# Very small rust spots on new car



## xxarmando (Feb 10, 2014)

Hello everyone today as I was washing my car I noticed it had this very small rust spots around the paint. I clayed the car and waxed it and most still show. I don't have any pictures to show, but they are only noticeable if you look closely at the paint. This car is only 2 weeks old should I be worried? I live in Miami Florida and my car is a white 2014 Chevy Cruze LS. And also my dealer is by a train track I just noticed that.


----------



## Rocky87 (Apr 28, 2013)

It could just be metal flakes in the paint it happens to cars around here a lot. Did you you an actual clay bar or that liquid crap.


----------



## Eddy Cruze (Jan 10, 2014)

xxarmando said:


> Hello everyone today as I was washing my car I noticed it had this very small rust spots around the paint. I clayed the car and waxed it and most still show. I don't have any pictures to show, but they are only noticeable if you look closely at the paint. This car is only 2 weeks old should I be worried? I live in Miami Florida and my car is a white 2014 Chevy Cruze LS. And also my dealer is by a train track I just noticed that.

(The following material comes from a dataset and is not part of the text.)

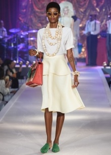 At the spring-summer 2017 fashion show, the Charlotte Olympia brand presented extravagant images that use a huge number of accessories or one very large piece of jewelry. Such images are necessarily complemented by sandals on a high platform and a bulk bag, as this is the main fashion trend today.

 That doesn't sound right on a 2 week old CRUZE. As you know Miami is the land of Rust, Mold, Spores & More! The clay should have done the trick. Have you done this type of detail work before?


----------



## trevor_geiger (Nov 29, 2012)

Does your white paint have a yellowing color to it, of does it actully have the rusty brown?


----------



## jblackburn (Apr 14, 2012)

What you see is called "rail dust", probably from transport of your car. 

Get a more aggressive clay bar and try again...make sure to keep folding it over so it doesn't then turn into sandpaper...or there are several chemical treatments for removing things like this on your paint. A quick google search for rail dust removal will turn up a wealth of information for ya. 


Sent from AutoGuide.com App


----------



## jandree22 (Sep 19, 2011)

I'll echo the others, clay then clay again until this is gone. Wash, rinse, repeat. This problem superficial and you don't want any abrasive polishes that will cut into your otherwise flawless paint.


----------



## Roberto Merill (Feb 20, 2014)

We had nice weather this past weekend up here in Southern Ontario and I decided to wash the car in the driveway (usually we go to a touchless car wash). After washing it I noticed many (more than 100) tiny rust spots all over the car.


----------



## blackbowtie (Jul 4, 2013)

Everyone get out claybar and elbow grease!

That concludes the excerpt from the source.